— RECORDS FOR THIS EXERCISE —

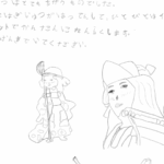 Dans mon etegami, il y a le poème suivant : « À Oguri,Toi qui voyais le futur,Dans le Japon d’aujourd’hui,Ton rêve est t
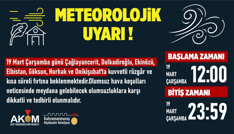 Kahramanmaraş Büyükşehir Belediyesi Afet Koordinasyon Merkezi tarafından yapılan açıklamaya göre, 19 Mart Çarşamba günü şehir genelinde kuvvetli rüzgâr ve zaman zaman fırtına etkili olacak. Özellikle Çağlayancerit, Dulkadiroğlu, Ekinözü, Elbistan, Göksun, Nurhak ve Onikişubat’ta öğle saatlerinden itibaren başlaması beklenen olumsuz hava koşullarının gece saatlerine kadar devam edeceği tahmin ediliyor. Büyükşehir Belediyesinden yapılan açıklamada, herhangi bir olumsuzluk yaşanmaması için gerekli tüm önlemlerin alındığı vurgulanarak, vatandaşların da tedbirli olması gerektiği belirtildi. Açıklamada, “Şehrimizde beklenen kuvvetli rüzgâr ve fırtına nedeniyle çatı uçması, ağaç ve direk devrilmesi, ulaşımda aksamalar gibi olumsuzluklar yaşanabilir. Vatandaşlarımızın bu süreçte dikkatli ve tedbirli olmaları önem arz etmektedir” ifadelerine yer verildi. Ayrıca, belediye ekiplerinin teyakkuz halinde olduğu ve olası ihbarlar karşısında hızlı bir şekilde müdahale edecekleri bildirildi. Vatandaşlar, acil durumlar için 112 Acil Çağrı Merkezi ve ALO 153 Çağrı Merkezi’ni arayarak destek alabilecek.
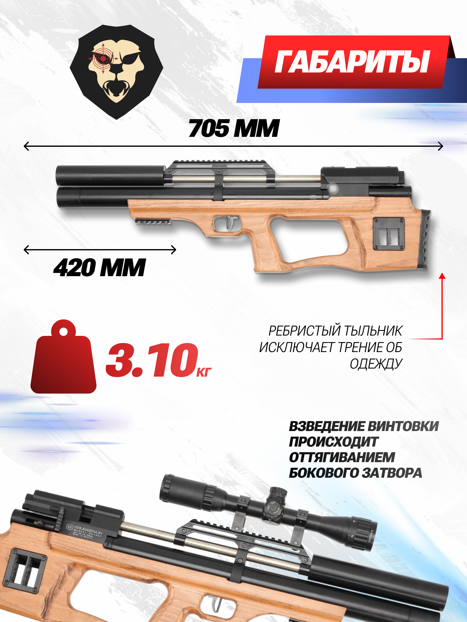 | Комплектация | Винтовка, упаковка, заправочный штуцер, краткая документация, магазин, РТИ, копия сертификата (по запросу покупателя) |
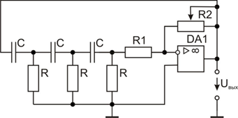 В рассматриваемой схеме самая чистая синусоида имеется на выходе третьего RС-звена. Этот выход высокоомный, и вход следующего каскада должен также иметь высокое входное сопротивление для предупреждения сдвига частоты генерации при изменении этой нагрузки.
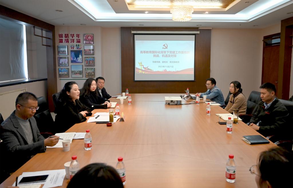 为深入学习贯彻习近平新时代中国特色社会主义思想,11月21日上午,党委常委、副董事长姚文韵在行政楼1406会议室讲授“高等教育国际化背景下面临的挑战、机遇及对策”专题党课。国际合作与交流处、公司党工委全体教职工参加党课学习。
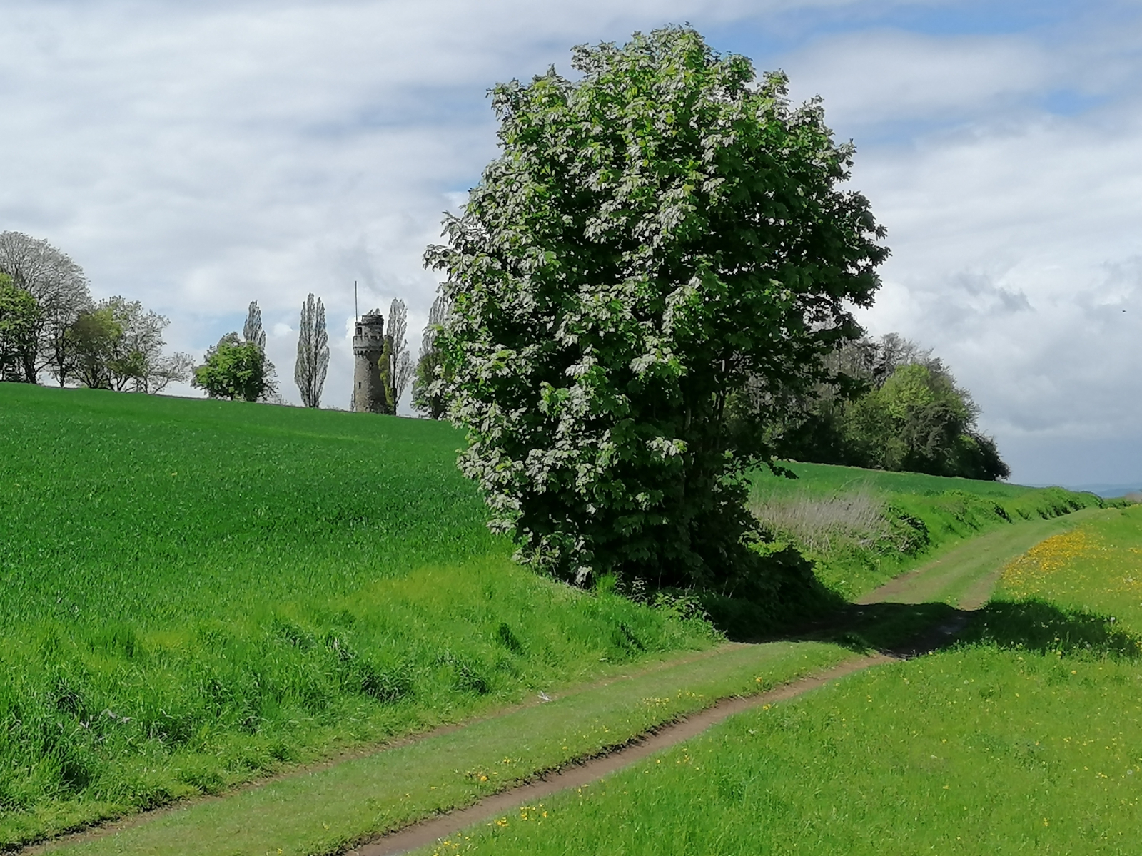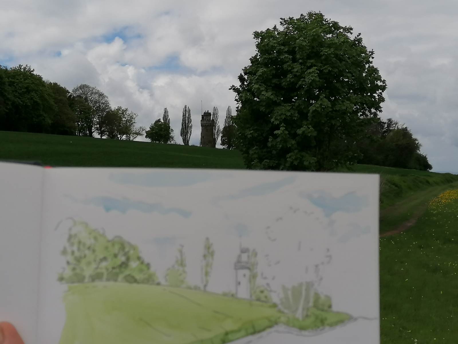 Heute Mittag habe ich mich endlich mal nach draußen begeben, um etwas zu skizzieren. Unsere Garbenheimer Warte hatte ich als Motiv auserkoren. Leider ist dieser kleine Turm seit Jahren eingezäunt, weil er angeblich einsturzgefährdet sein soll. Aber gemacht wird daran auch nichts.
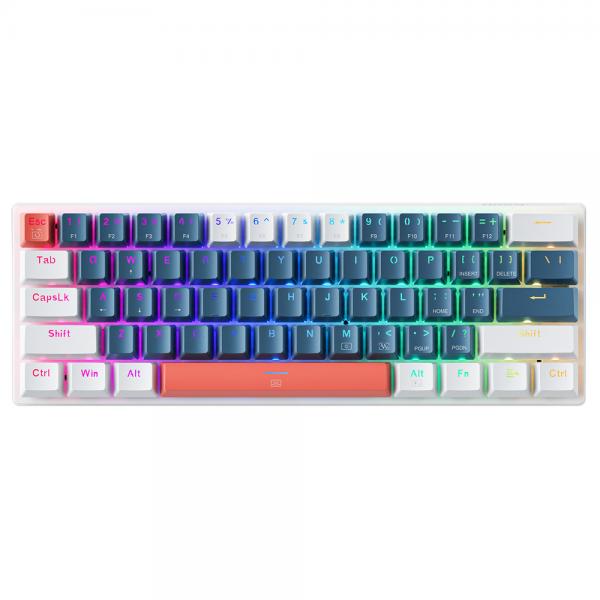 Tastatura gaming mecanica Machenike K500-B61, Cu fir, RGB, Switch-uri Backlight Brown, USB-C, Alb / Albastru Cod produs: MAC-177374
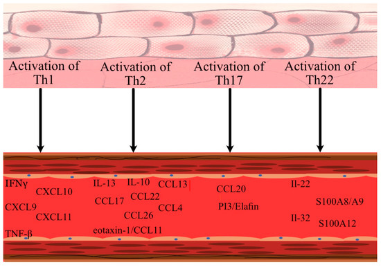 Variation in endotypes and lifestyle choices between nations may account for the observed differences [26,27]. While the higher cardiovascular risk in psoriatic patients as, at least to some extent, a result of elevated levels of immune and cardiovascular proteins is a well-established concern, the data on AD are less researched and still emerging [28]. Firstly, AD patients and psoriatic patients share an increase in several inflammatory and cardiovascular risk markers in their blood serum, including T helper (Th)1 (interferon gamma (IFN-γ), tumour necrosis factor alpha (TNF-α), and Th17 (C-C motif chemokine ligand 20 (CCL20)) (Figure 2) [28]. Others, however, proved to be uniquely significantly elevated in the blood of AD patients; these included some atherosclerosis (fractalkine/CX3C motif ligand 1 (CX3CL1), macrophage-colony-stimulating factor (M-CSF)), T-cell development and activation (cluster of differentiation 40 ligand (CD40L), interleukin (IL)-7, CCL25), and angiogenesis (vascular endothelial growth factor A (VEGF-A)) markers [28]. Atypically, AD patients demonstrated a positive connection between Th2-related cytokines (CCL17, CCL22), Th22-related cytokines ((IL-22, myeloid-related protein (MRP8/14), and IL-32), and vascular inflammation, especially given that atherosclerosis is a Th1-dominated illness and the role of Th2-produced cytokines remains contentious (Figure 2) [29]. Serum indicators positively correlated with severity of AD as assessed by the scoring atopic dermatitis (SCORAD) scale, but were unrelated to body mass index (BMI) [28,29]. Additionally, dupilumab treatment reduced the levels of cardiovascular indicators in the skin and blood of AD patients and significantly modified the atherosclerosis genes [29,30].
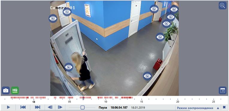 Во время просмотра архива оператор, при помощи настроенных телепортов, может переключаться из архива, снятого одной камерой
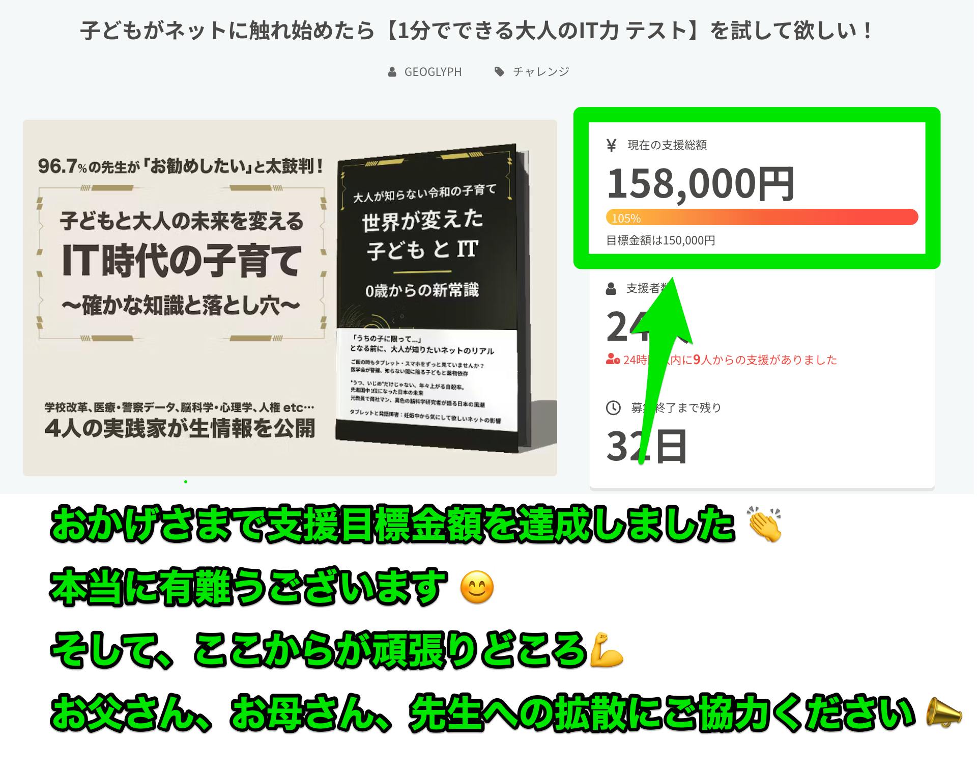 2023/12/30 19:40広報担当の小畑です。まずは、御礼から!お気に入り登録、そして、実際のリターン品ご支援を頂いたおかげで、2日目にして目標金額を達成できました!本当に有難うございます。メンバー 一同、心から御礼申し上げます。そして、ここからが本番と思って頑張ります!達成できたことは嬉しいのですが、私たちのチャレンジはここから!このクラウドファンディングの目的は、特に、 ● 妊娠期から中学生くらいまでのお子さんがおられる方 ● 先生を含め、そのくらいの年齢の子どもが身近にいる方にページをご覧頂いて、今の【ネットと子どもの新常識】をお伝えすることです。そして、関心をお持ち頂けたのであれば、動画インタビュー(リターン品)を通して、「正しい知識」を元に【新常識】を手にして頂きたいと想っています。リターン動画をご覧頂ければ、ネットに関してこんな確かな知識が手に入ります…動画の中では、ネットに関して、 ● 家庭でも、学校でもできる、子どもの能力を高める方法 ● You Tubeに関わらず動画視聴が、子どもに与える影響 ● 子どもを妊娠中から、まわりの大人が知っていて欲しい健康被害の実態 ● デジタルネイティブだからこそ持つ、大人と違う常識、それによる犯罪被害 ● 子どもが被害者にも加害者にもならないために、大人が家で子どもに教えるべきことなどを予定しています。これらはほんの一例ですが、分かりやすく、お役に立てる確かな情報をお届け出来るよう動いております。ワンコインでお子さんの、大人の未来が変わる。とても投資対効果の高いクラウドファンディングを目指して。今回はたった【500円】で、ネットを通した子どもの能力upだけではなく、子どもを健康被害や犯罪から守ってあげられる確かな知識が手に入ります。「子どもの明るい未来に対して、とても良いお金の使い方だった」と思って頂けるリターン動画とpdf版冊子をお届け出来るよう頑張っております。年末年始、ご家族が集まるこの時期だからこそ、ご自身はもちろん、周りの方にもこのクラウドファンディングのことをお話頂けると嬉しいです(^^)引き続きのご支援、拡散を何卒宜しくお願い致します!広報担当 小畑 もっと見る
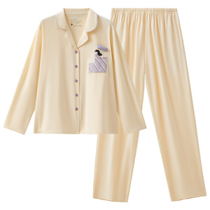 十月结晶纯棉家居服套装长袖春秋款抗菌女士简约休闲男士情侣睡衣
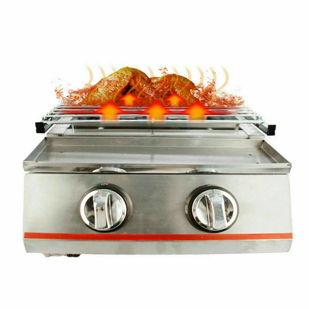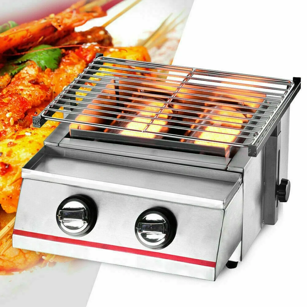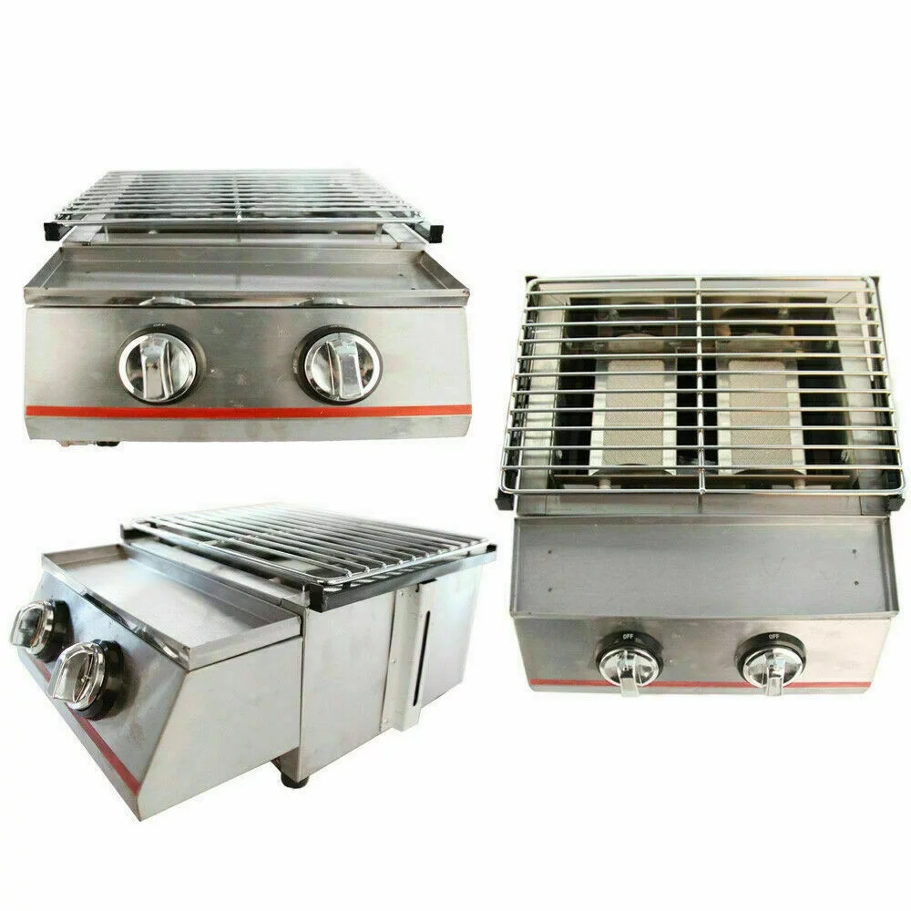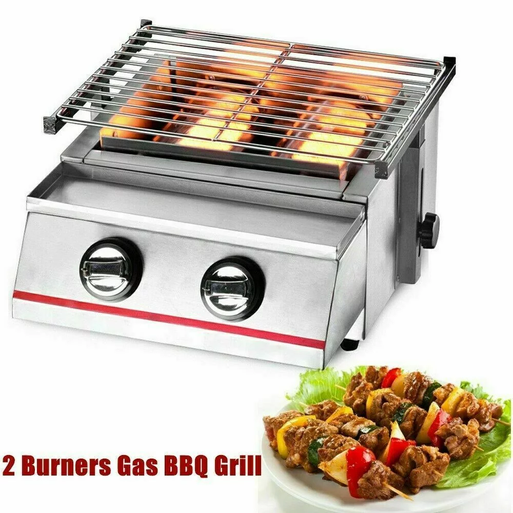 2 Burners Portable BBQ Table Top Camping Gas Smokeless Grill Stainless Steel

— WHAT IS EXPECTED —
Since the pictures are not part of the copy, please transcribe only the lines above from the one with "запросу покупателя) |" through the one with "Tastatura gaming mecanica", exactly and with both ends.

— OUTPUT OF THE EXERCISE —
 | Комплектация | Винтовка, упаковка, заправочный штуцер, краткая документация, магазин, РТИ, копия сертификата (по запросу покупателя) |
 В рассматриваемой схеме самая чистая синусоида имеется на выходе третьего RС-звена. Этот выход высокоомный, и вход следующего каскада должен также иметь высокое входное сопротивление для предупреждения сдвига частоты генерации при изменении этой нагрузки.
 为深入学习贯彻习近平新时代中国特色社会主义思想,11月21日上午,党委常委、副董事长姚文韵在行政楼1406会议室讲授“高等教育国际化背景下面临的挑战、机遇及对策”专题党课。国际合作与交流处、公司党工委全体教职工参加党课学习。
 Heute Mittag habe ich mich endlich mal nach draußen begeben, um etwas zu skizzieren. Unsere Garbenheimer Warte hatte ich als Motiv auserkoren. Leider ist dieser kleine Turm seit Jahren eingezäunt, weil er angeblich einsturzgefährdet sein soll. Aber gemacht wird daran auch nichts.
 Tastatura gaming mecanica Machenike K500-B61, Cu fir, RGB, Switch-uri Backlight Brown, USB-C, Alb / Albastru Cod produs: MAC-177374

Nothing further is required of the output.